*** INFORMATION SHOWN

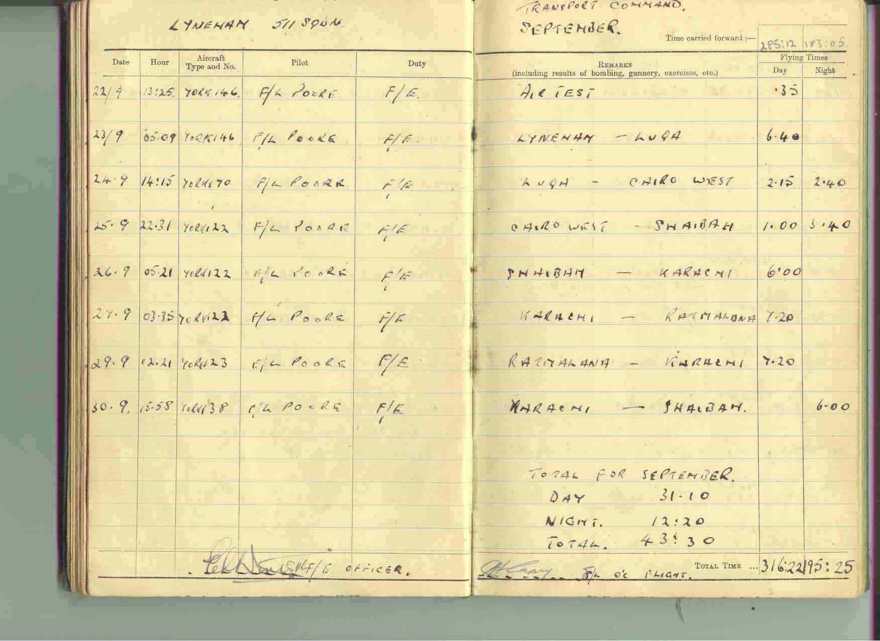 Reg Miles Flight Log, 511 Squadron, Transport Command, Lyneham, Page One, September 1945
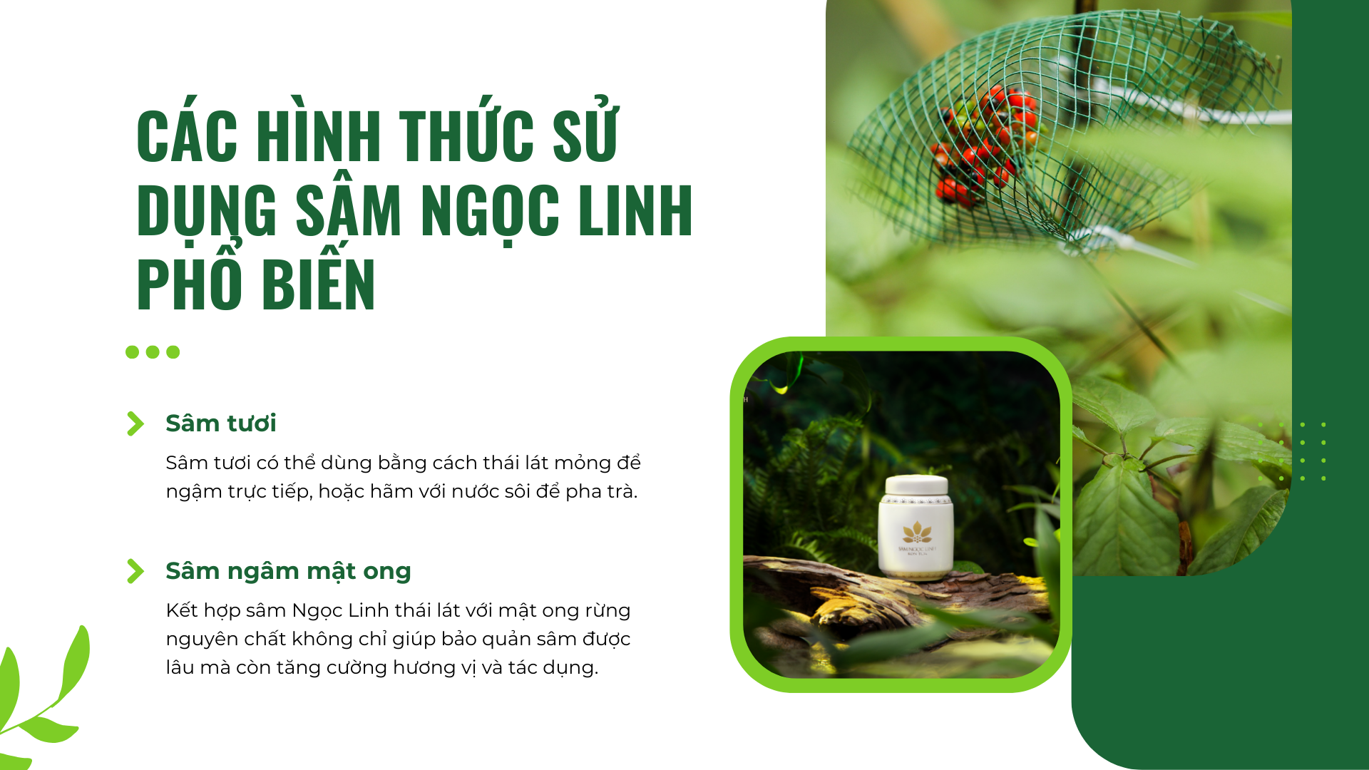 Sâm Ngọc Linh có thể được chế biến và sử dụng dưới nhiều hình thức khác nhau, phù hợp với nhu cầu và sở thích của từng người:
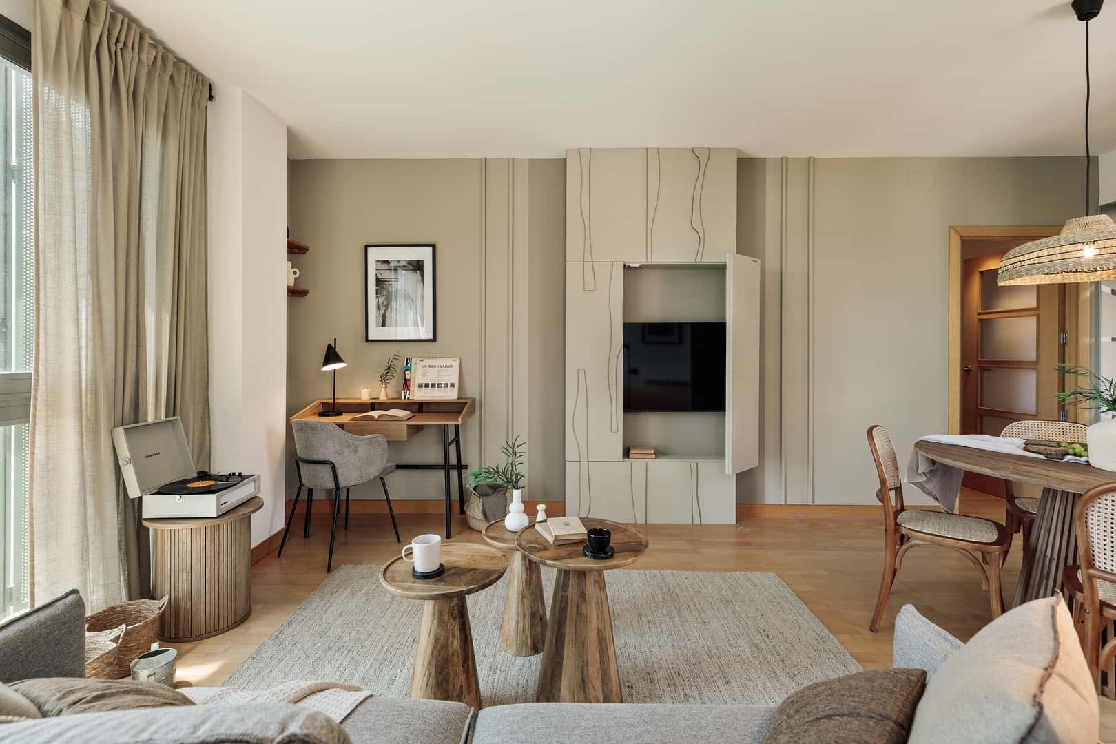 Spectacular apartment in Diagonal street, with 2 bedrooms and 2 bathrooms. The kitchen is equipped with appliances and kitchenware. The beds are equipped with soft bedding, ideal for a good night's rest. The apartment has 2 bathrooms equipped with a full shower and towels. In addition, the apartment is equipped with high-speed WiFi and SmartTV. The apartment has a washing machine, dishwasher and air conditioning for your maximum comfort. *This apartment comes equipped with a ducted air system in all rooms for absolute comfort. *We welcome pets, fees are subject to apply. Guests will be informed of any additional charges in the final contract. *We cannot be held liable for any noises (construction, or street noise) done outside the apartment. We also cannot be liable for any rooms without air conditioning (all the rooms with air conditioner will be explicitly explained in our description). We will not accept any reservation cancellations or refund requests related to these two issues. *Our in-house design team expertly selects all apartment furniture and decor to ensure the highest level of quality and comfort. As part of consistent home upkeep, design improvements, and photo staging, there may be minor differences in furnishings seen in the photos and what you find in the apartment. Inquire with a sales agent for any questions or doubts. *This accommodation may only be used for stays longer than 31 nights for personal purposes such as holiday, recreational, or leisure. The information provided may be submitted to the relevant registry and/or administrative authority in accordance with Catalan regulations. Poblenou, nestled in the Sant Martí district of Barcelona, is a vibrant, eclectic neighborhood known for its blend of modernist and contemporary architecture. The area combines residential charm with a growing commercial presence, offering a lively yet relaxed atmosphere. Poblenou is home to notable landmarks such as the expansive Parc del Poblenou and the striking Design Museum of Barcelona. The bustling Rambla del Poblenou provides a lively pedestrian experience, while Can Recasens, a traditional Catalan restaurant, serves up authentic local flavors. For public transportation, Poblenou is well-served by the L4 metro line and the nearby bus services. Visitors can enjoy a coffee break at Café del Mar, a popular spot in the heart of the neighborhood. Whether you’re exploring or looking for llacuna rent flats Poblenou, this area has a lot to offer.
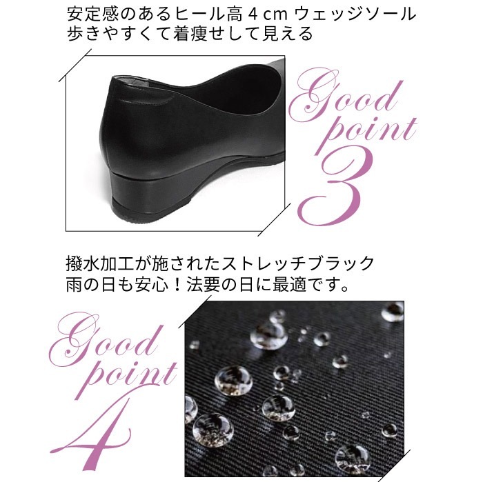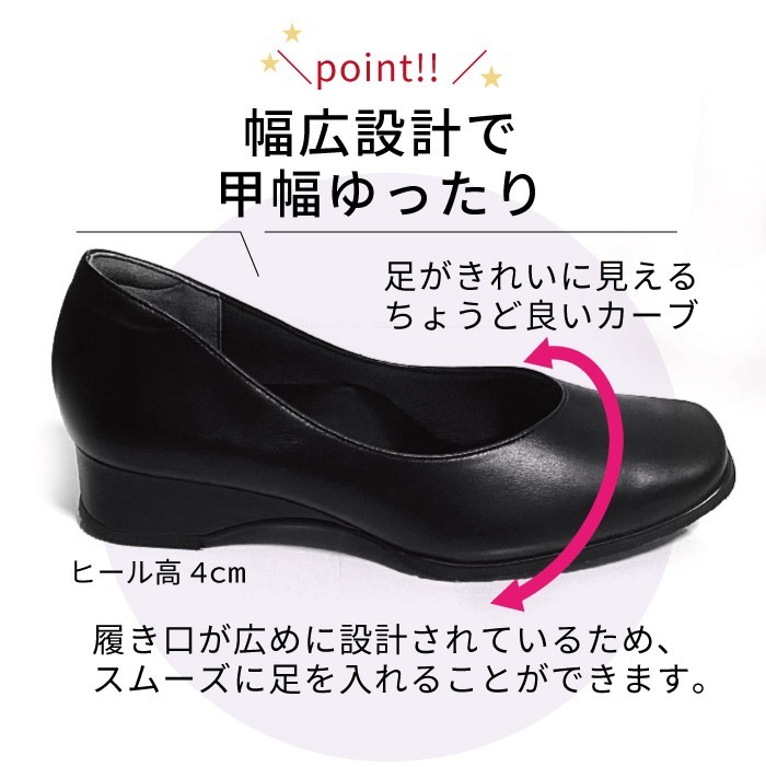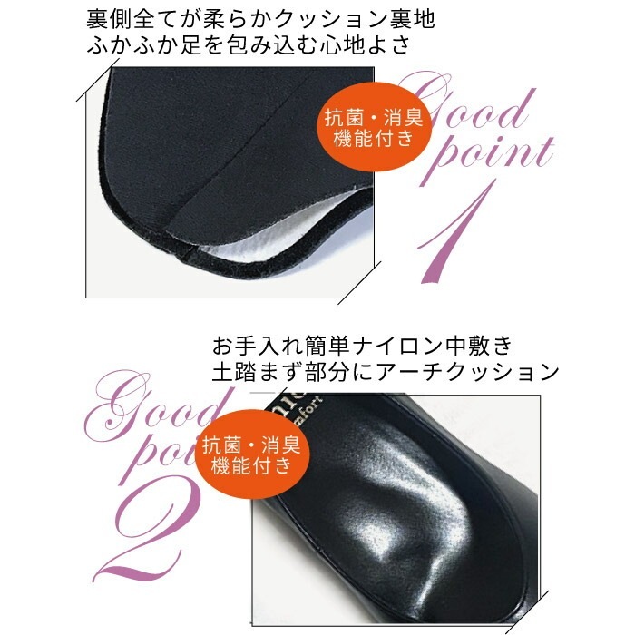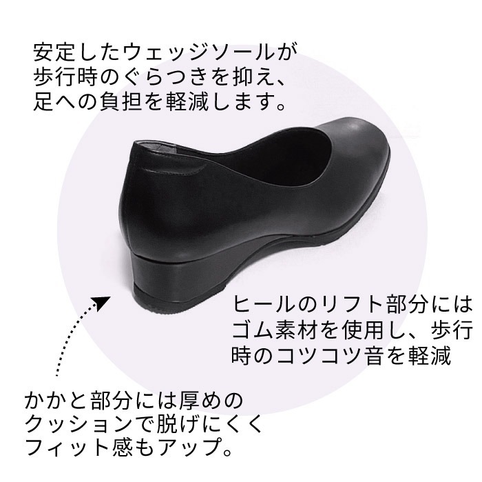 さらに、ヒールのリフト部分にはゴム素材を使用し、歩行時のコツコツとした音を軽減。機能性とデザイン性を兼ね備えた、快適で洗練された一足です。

******

§ WHAT IS EXPECTED: The whole listing must be restated word for word. Leave out any pictures.

§ RESPONSE:
 Reg Miles Flight Log, 511 Squadron, Transport Command, Lyneham, Page One, September 1945
 Sâm Ngọc Linh có thể được chế biến và sử dụng dưới nhiều hình thức khác nhau, phù hợp với nhu cầu và sở thích của từng người:
 Spectacular apartment in Diagonal street, with 2 bedrooms and 2 bathrooms. The kitchen is equipped with appliances and kitchenware. The beds are equipped with soft bedding, ideal for a good night's rest. The apartment has 2 bathrooms equipped with a full shower and towels. In addition, the apartment is equipped with high-speed WiFi and SmartTV. The apartment has a washing machine, dishwasher and air conditioning for your maximum comfort. *This apartment comes equipped with a ducted air system in all rooms for absolute comfort. *We welcome pets, fees are subject to apply. Guests will be informed of any additional charges in the final contract. *We cannot be held liable for any noises (construction, or street noise) done outside the apartment. We also cannot be liable for any rooms without air conditioning (all the rooms with air conditioner will be explicitly explained in our description). We will not accept any reservation cancellations or refund requests related to these two issues. *Our in-house design team expertly selects all apartment furniture and decor to ensure the highest level of quality and comfort. As part of consistent home upkeep, design improvements, and photo staging, there may be minor differences in furnishings seen in the photos and what you find in the apartment. Inquire with a sales agent for any questions or doubts. *This accommodation may only be used for stays longer than 31 nights for personal purposes such as holiday, recreational, or leisure. The information provided may be submitted to the relevant registry and/or administrative authority in accordance with Catalan regulations. Poblenou, nestled in the Sant Martí district of Barcelona, is a vibrant, eclectic neighborhood known for its blend of modernist and contemporary architecture. The area combines residential charm with a growing commercial presence, offering a lively yet relaxed atmosphere. Poblenou is home to notable landmarks such as the expansive Parc del Poblenou and the striking Design Museum of Barcelona. The bustling Rambla del Poblenou provides a lively pedestrian experience, while Can Recasens, a traditional Catalan restaurant, serves up authentic local flavors. For public transportation, Poblenou is well-served by the L4 metro line and the nearby bus services. Visitors can enjoy a coffee break at Café del Mar, a popular spot in the heart of the neighborhood. Whether you’re exploring or looking for llacuna rent flats Poblenou, this area has a lot to offer.
 さらに、ヒールのリフト部分にはゴム素材を使用し、歩行時のコツコツとした音を軽減。機能性とデザイン性を兼ね備えた、快適で洗練された一足です。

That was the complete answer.